Any natural person or legal entity, i.e. also foreigners living in the Czech Republic, is allowed to appeal to the Public Defender of Rights.
The Public Defender of Rights is supposed to protect people against the conduct of public authorities and other institutions engaged in public administration (except for local authorities) if:
- this conduct contradicts the law,
- it does not comply with the principles of democratic legal state and good governance,
- or if authorities and institutions are inactive.

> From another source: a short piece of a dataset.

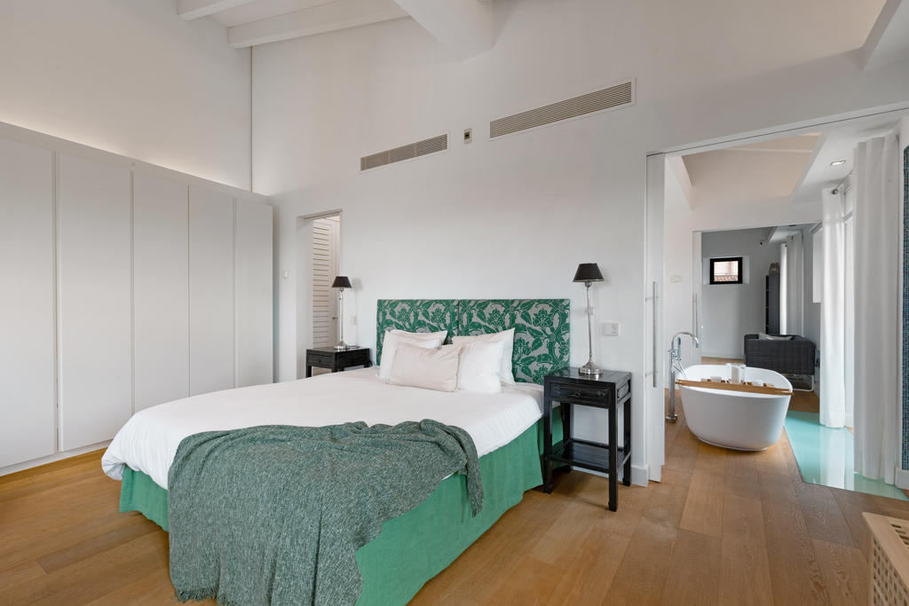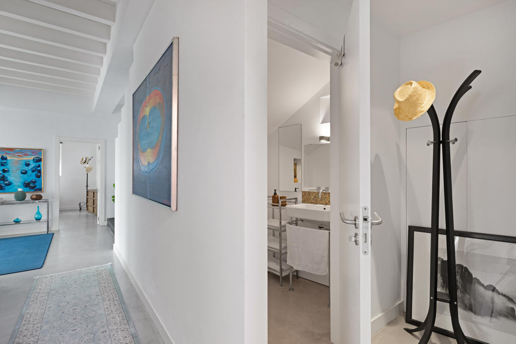 På övervåningen finns mastersviten med två sovrum och eget badrum, där du kan vakna upp till den spektakulära utsikten varje morgon. Hela fastigheten har modern utrustning, luftkonditionering i alla rum och golvvärme på de övre våningarna. Dessutom säljs huset fullt möblerat, redo för sina nya ägare att omedelbart njuta av detta unika hem och livsstilen som Palma erbjuder.

The office of the Public Defender of Rights receives around 7,500 appeals every year. The Public Defender of Rights is an external, independent, free of charge, relatively operative and maximally informal institute. The Public Defender of Rights has virtually no direct enforcement powers in the Czech Republic. He requests redress from the authority which has perpetrated the defect. If the relevant authority fails to provide for such redress, the Public Defender appeals to a superior body or presents the matter to the government. His task is not to alter or substitute decisions made by the public authorities, but to request that these authorities employ their own control, remedies and sanctioned legal competences in order to rectify the fault.
The Public Defender of Rights also has to pay regular visits to locations where people’s freedoms may be infringed, i.e. not only detention facilities, but also X3 facilities for the detention of foreigners X3 (acceptance, stay centres as well as integration centres for asylum seekers). The Public Defender of Rights seeks to ensure that basic civil rights are respected. The Public Defender of Rights also promotes the right to equal treatment and protection against
discrimination.
The first person to hold the office of the Public Defender of Rights in the Czech Republic was the highly respected lawyer
JUDr. Otakar Motejl, who served from December 2000 until his death in May 2010. He was succeeded by JUDr. Pavel Varvařovský, who took charge of the office in September 2010.